[Dataset records]
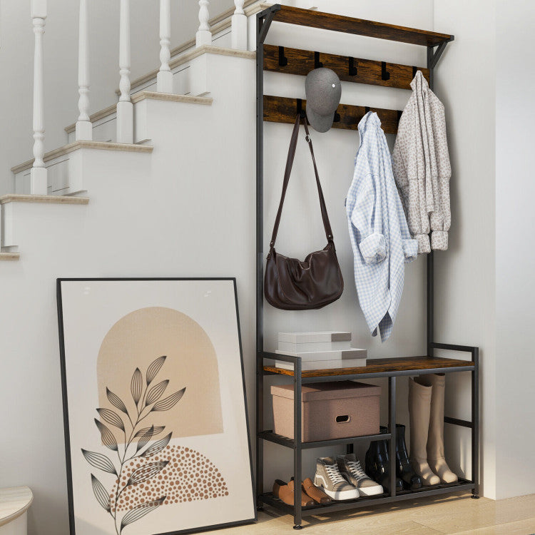 The 3-in-1 entryway coat rack with shoe bench is made of high quality metal tube and engineered wood that enjoys stable and firm structure for durable use. It owns nine flexible hooks for you to hang your coats, scarves and hats on it. The bottom shoe bench with three shoe racks could meets more storage requirements in daily life. It is ideal for keeping shoes and boots clean and orderly. Broad mesa and appropriate height provide you with a convenient and strong seat when you wear or take off your shoes.
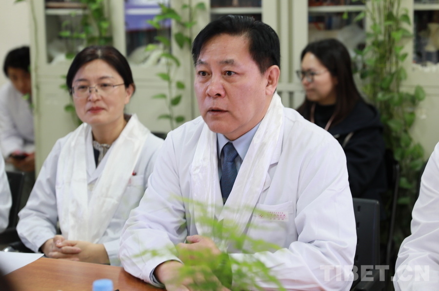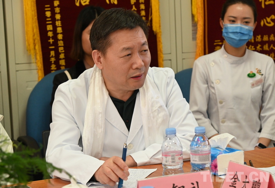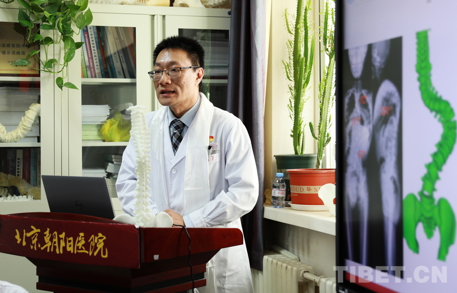 圖為北京朝陽醫(yī)院骨科主任、首都醫(yī)科大學(xué)骨外科學(xué)系主任、國際腰椎研究學(xué)會候任主席海涌介紹該院骨科團(tuán)隊(duì)在救治高海拔地區(qū)脊柱側(cè)彎患者方面所做的工作 攝影:劉莉
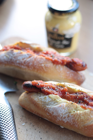 先週は自家製バケットにチョリソーソーセージをはさんで。
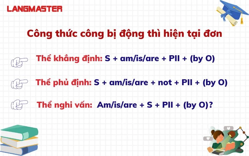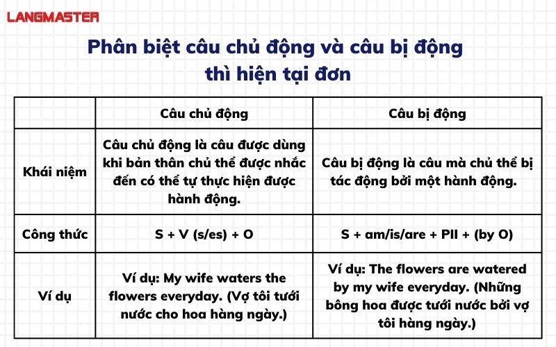 Công thức câu bị động ở hiện tại đơn rất quan trọng trong tiếng Anh. Để tạo câu bị động, bạn cần cấu trúc: S + am/is/are + V3 (động từ ở dạng quá khứ phân từ) + (by O). Chẳng hạn, khi bạn nói “The flowers are watered by my mother,” câu này thể hiện rằng mẹ của bạn là người thực hiện hành động tưới hoa.
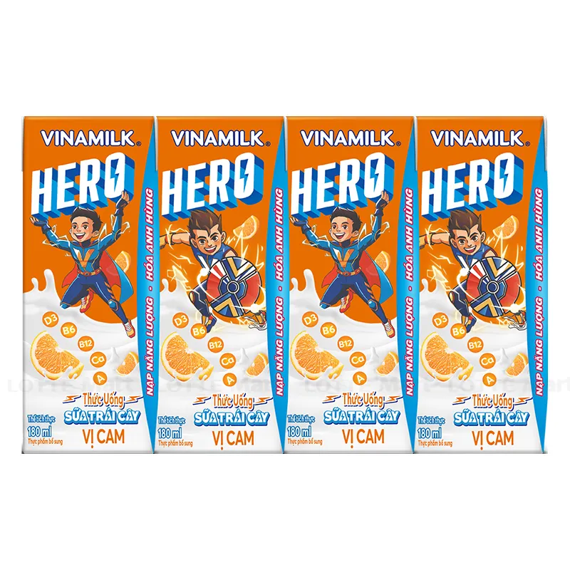 Sữa Trái Cây Vinamilk Hero Hương Cam Lốc 4 Hộp 180ml
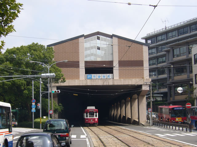 こちらも市内線末端の蛍茶屋電停。坂の途中にありました。電車がビルの中に吸い込まれているのが特徴的かな。
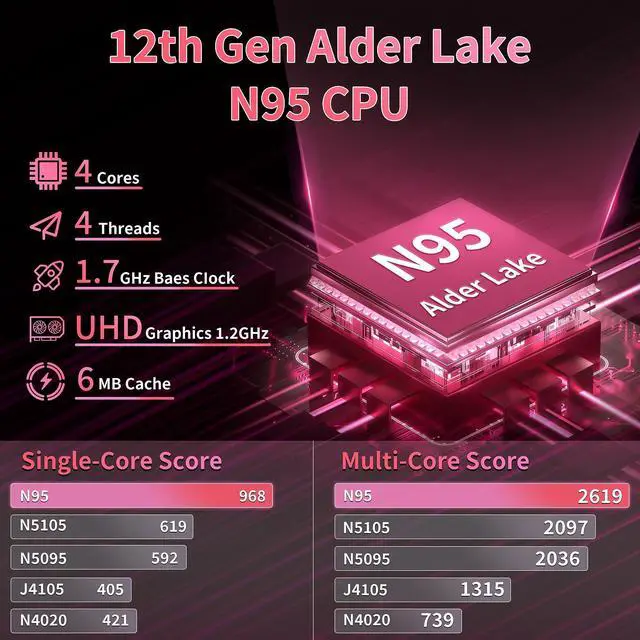 Powerful N95 Quad-Core CPU: Benefit from the lightning-fast performance of the Celeron N95 ultra-fast CPU, clocked at an impressive 1.7GH z- 3.4GH z, alongside UHD Graphics
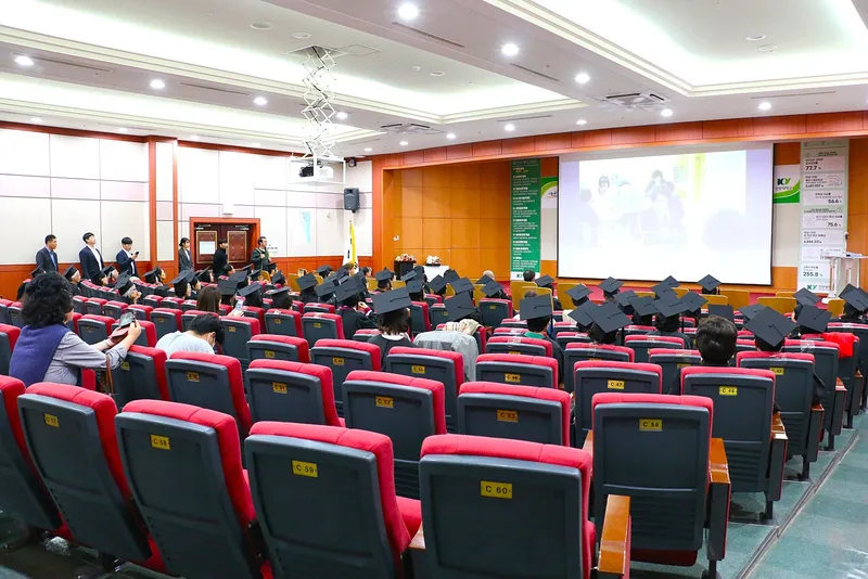 드디어 수료증 수여 시간입니다. 졸업가운과 학사모를 쓰신 수료생들은 한 분 한 분 단상 위로 올라가 수료증을 받으시면서 학사모의 수술을 이동하는 식을 하였습니다. 2024 행복문화대학은 각 분야별 교수, 기업 대표 등을 초빙하여 부동산 재테크를 위한 비법 접수, 가정 갈등 극복하기, 행복한 삶을 위한 건강관리법, 생활 속 인공지능 이야기, 뮤지컬 음악을 통한 인생 이야기 등 다양한 분야의 강의와 탐방 활동을 하였습니다.
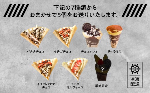 定番から変わり種まで、当店自慢の7種類のクレープの中から異なる5種類を厳選してお届けします。
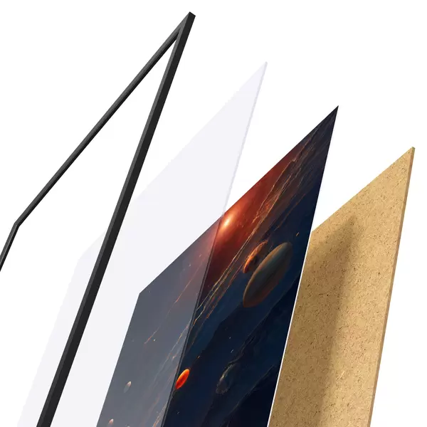 Das Poster besteht aus einem Rahmen, Plexiglas, einem gedruckten Bild und einer Rückwand aus Spanplatten. Dank der Halterungen auf der Rückseite kann das Poster sofort an die Wand gehängt werden.
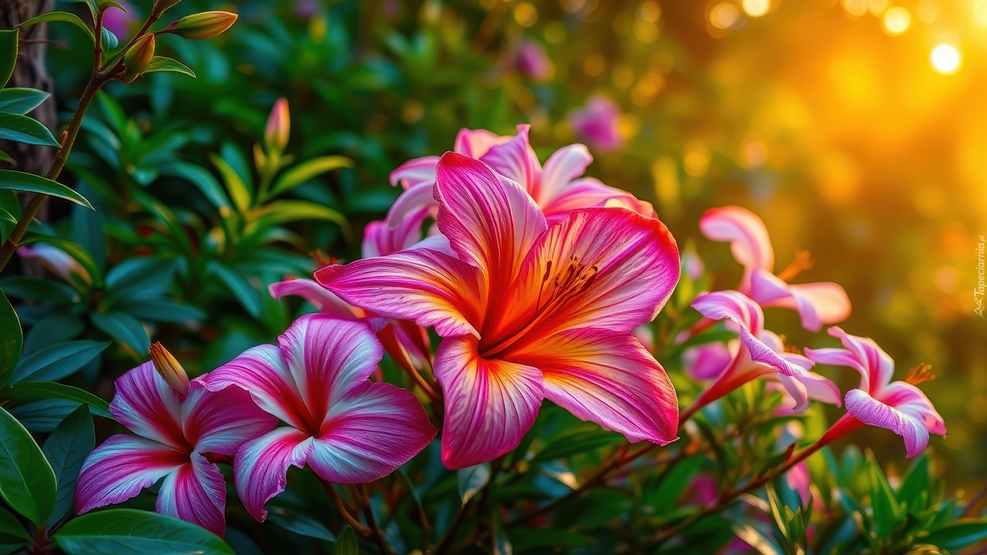 Edytor tapety: Różowe kwiaty i liście w słonecznym świetle
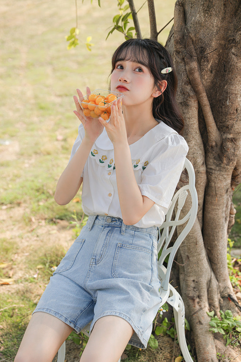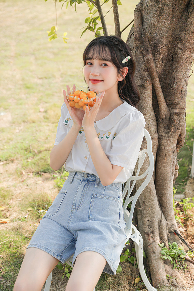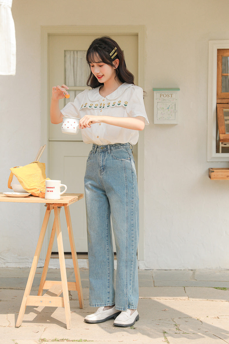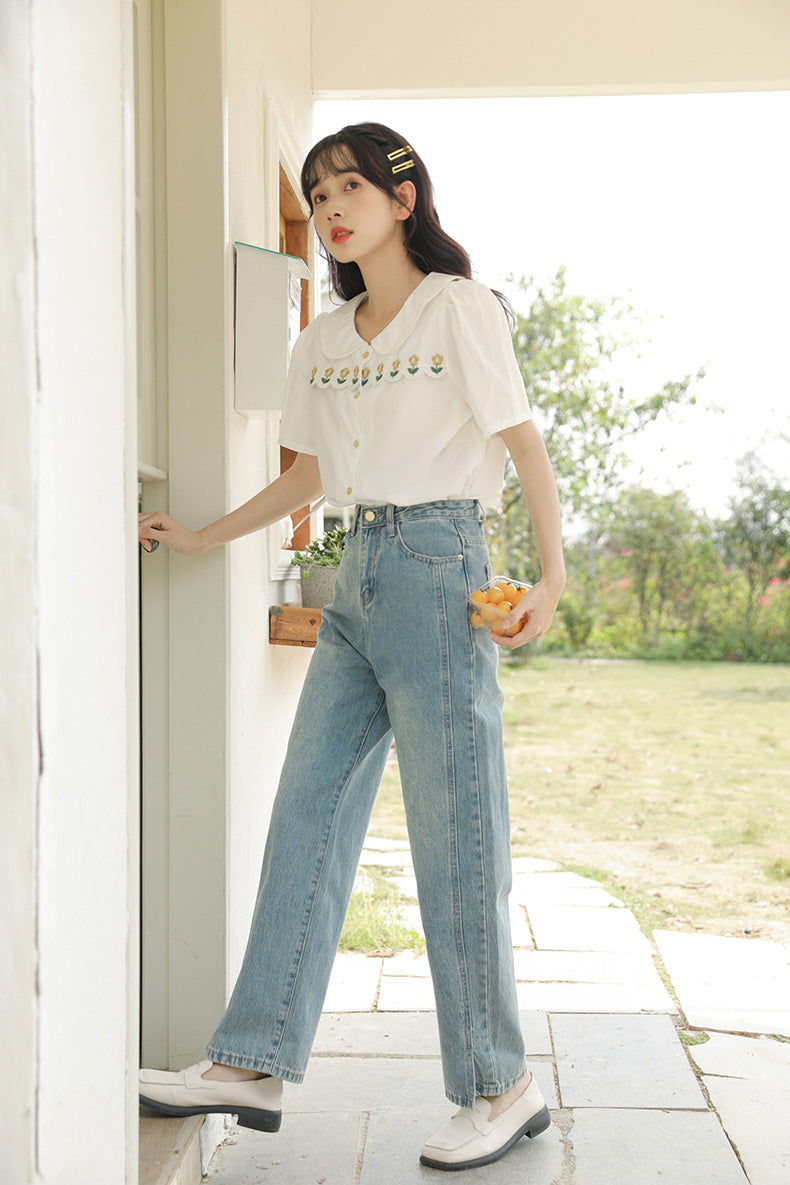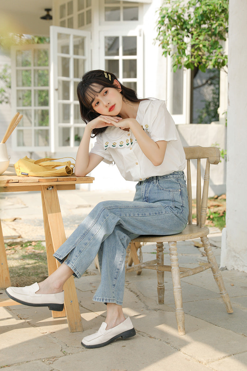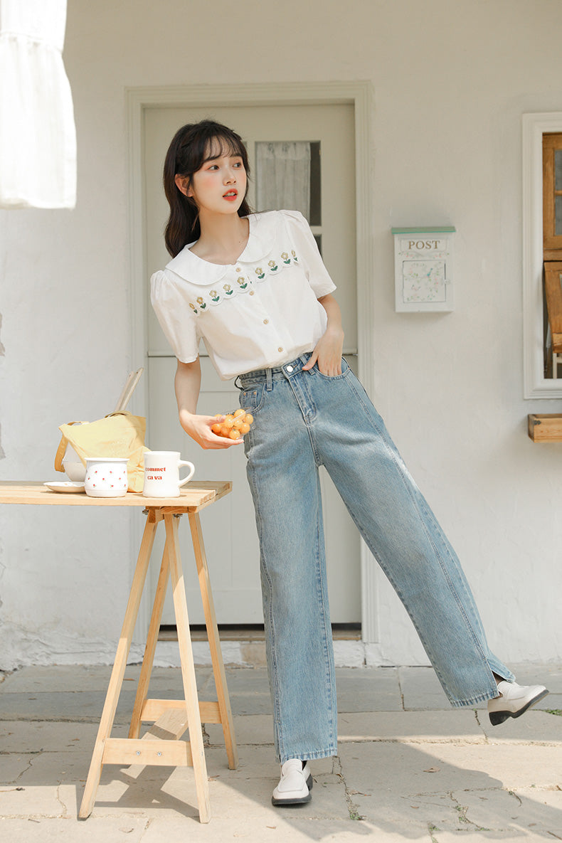 Short sleeve button up shirt with a peter pan collar and scalloped chest with embroidered daisies.
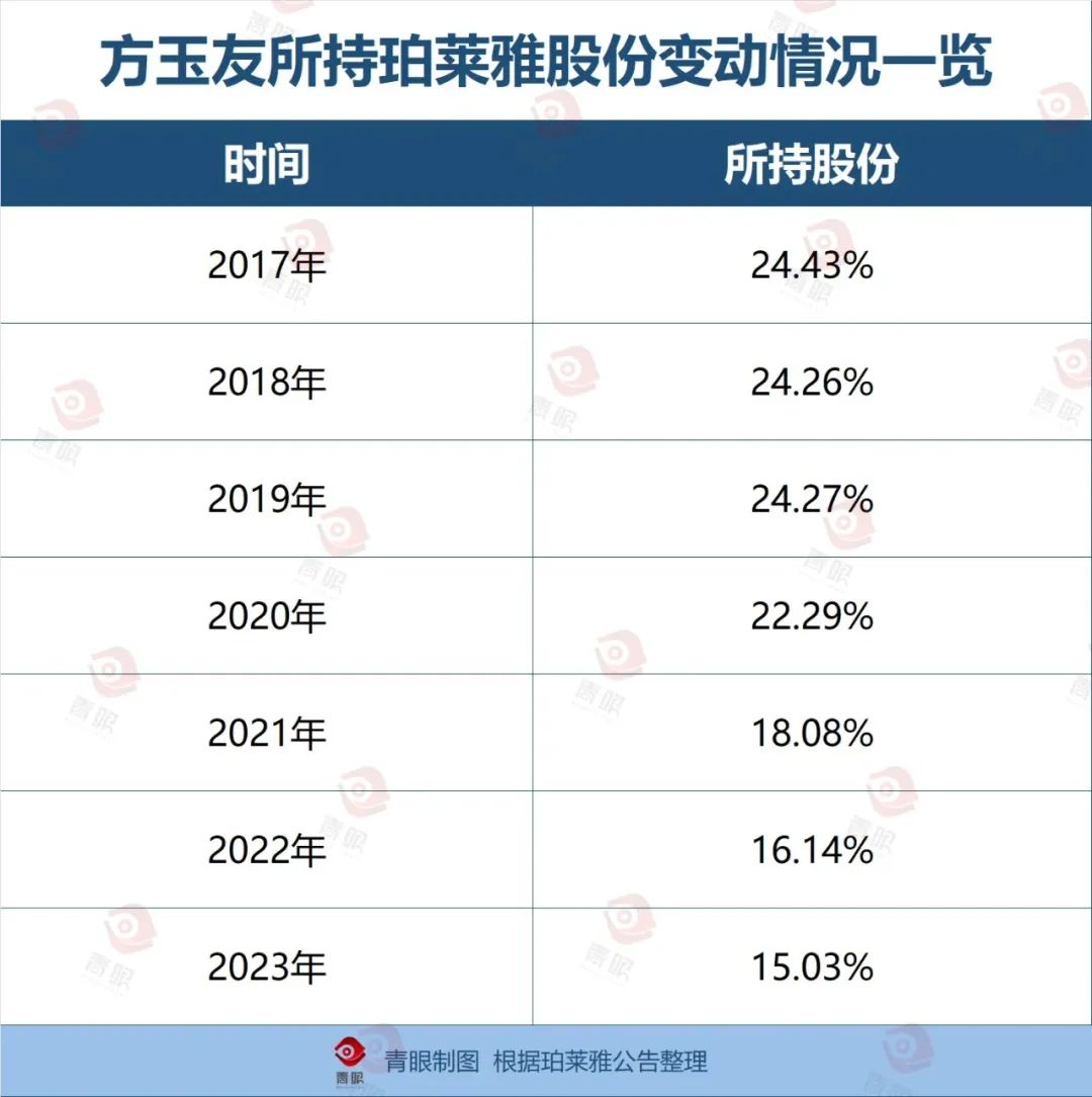 事实上,方玉友将从珀莱雅出走的传闻并未“空穴来风”。据珀莱雅公告显示,自2020年以来,方玉友就频繁减持所持股份。例如,仅2023年一季度,方玉友就减持了7次,目前其所持珀莱雅股份已从上市之初的24.43%降至15.03%,累计套现数十亿元。如此高频次的减持,也让外界对于方玉友与珀莱雅的关系产生疑虑。
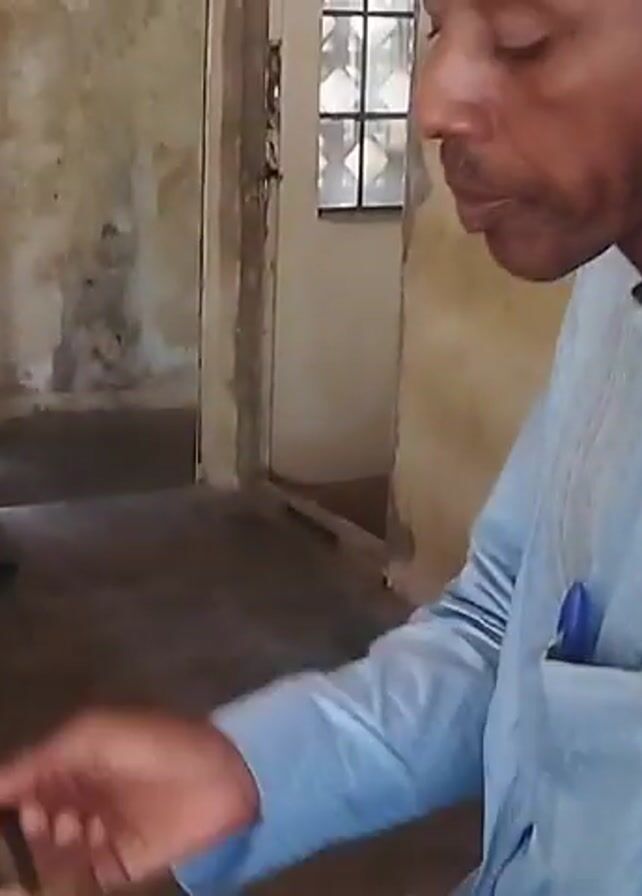 Here is a brief description of the video. The video shows several men in a room. One man in a light blue outfit is eating something from a tray. Another man in a green outfit and patterned hat looks down, and a man in a white outfit sits in the background. Two water bottles are visible on the table in front of the man in the light blue outfit. The room looks relatively simple and undecorated, with pale-colored walls.
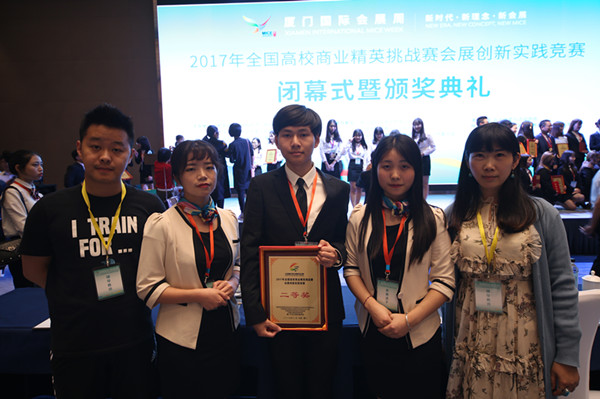 在刚刚结束的2017年全国高校商业精英挑战赛会展创新实践竞赛全国总决赛中,宾虹艺术学院广告设计专业丁蓉、胡杨两位老师带队,由广告专业杨旭旭、钱鹏娟、旅游专业余炜凡组成的代表队,荣获二等奖佳绩。

Task prompt. The response should consist of the entries above, given again exactly and free of pictures.

Answer box.
 The 3-in-1 entryway coat rack with shoe bench is made of high quality metal tube and engineered wood that enjoys stable and firm structure for durable use. It owns nine flexible hooks for you to hang your coats, scarves and hats on it. The bottom shoe bench with three shoe racks could meets more storage requirements in daily life. It is ideal for keeping shoes and boots clean and orderly. Broad mesa and appropriate height provide you with a convenient and strong seat when you wear or take off your shoes.
 圖為北京朝陽醫(yī)院骨科主任、首都醫(yī)科大學(xué)骨外科學(xué)系主任、國際腰椎研究學(xué)會候任主席海涌介紹該院骨科團(tuán)隊(duì)在救治高海拔地區(qū)脊柱側(cè)彎患者方面所做的工作 攝影:劉莉
 先週は自家製バケットにチョリソーソーセージをはさんで。
 Công thức câu bị động ở hiện tại đơn rất quan trọng trong tiếng Anh. Để tạo câu bị động, bạn cần cấu trúc: S + am/is/are + V3 (động từ ở dạng quá khứ phân từ) + (by O). Chẳng hạn, khi bạn nói “The flowers are watered by my mother,” câu này thể hiện rằng mẹ của bạn là người thực hiện hành động tưới hoa.
 Sữa Trái Cây Vinamilk Hero Hương Cam Lốc 4 Hộp 180ml
 こちらも市内線末端の蛍茶屋電停。坂の途中にありました。電車がビルの中に吸い込まれているのが特徴的かな。
 Powerful N95 Quad-Core CPU: Benefit from the lightning-fast performance of the Celeron N95 ultra-fast CPU, clocked at an impressive 1.7GH z- 3.4GH z, alongside UHD Graphics
 드디어 수료증 수여 시간입니다. 졸업가운과 학사모를 쓰신 수료생들은 한 분 한 분 단상 위로 올라가 수료증을 받으시면서 학사모의 수술을 이동하는 식을 하였습니다. 2024 행복문화대학은 각 분야별 교수, 기업 대표 등을 초빙하여 부동산 재테크를 위한 비법 접수, 가정 갈등 극복하기, 행복한 삶을 위한 건강관리법, 생활 속 인공지능 이야기, 뮤지컬 음악을 통한 인생 이야기 등 다양한 분야의 강의와 탐방 활동을 하였습니다.
 定番から変わり種まで、当店自慢の7種類のクレープの中から異なる5種類を厳選してお届けします。
 Das Poster besteht aus einem Rahmen, Plexiglas, einem gedruckten Bild und einer Rückwand aus Spanplatten. Dank der Halterungen auf der Rückseite kann das Poster sofort an die Wand gehängt werden.
 Edytor tapety: Różowe kwiaty i liście w słonecznym świetle
 Short sleeve button up shirt with a peter pan collar and scalloped chest with embroidered daisies.
 事实上,方玉友将从珀莱雅出走的传闻并未“空穴来风”。据珀莱雅公告显示,自2020年以来,方玉友就频繁减持所持股份。例如,仅2023年一季度,方玉友就减持了7次,目前其所持珀莱雅股份已从上市之初的24.43%降至15.03%,累计套现数十亿元。如此高频次的减持,也让外界对于方玉友与珀莱雅的关系产生疑虑。
 Here is a brief description of the video. The video shows several men in a room. One man in a light blue outfit is eating something from a tray. Another man in a green outfit and patterned hat looks down, and a man in a white outfit sits in the background. Two water bottles are visible on the table in front of the man in the light blue outfit. The room looks relatively simple and undecorated, with pale-colored walls.
 在刚刚结束的2017年全国高校商业精英挑战赛会展创新实践竞赛全国总决赛中,宾虹艺术学院广告设计专业丁蓉、胡杨两位老师带队,由广告专业杨旭旭、钱鹏娟、旅游专业余炜凡组成的代表队,荣获二等奖佳绩。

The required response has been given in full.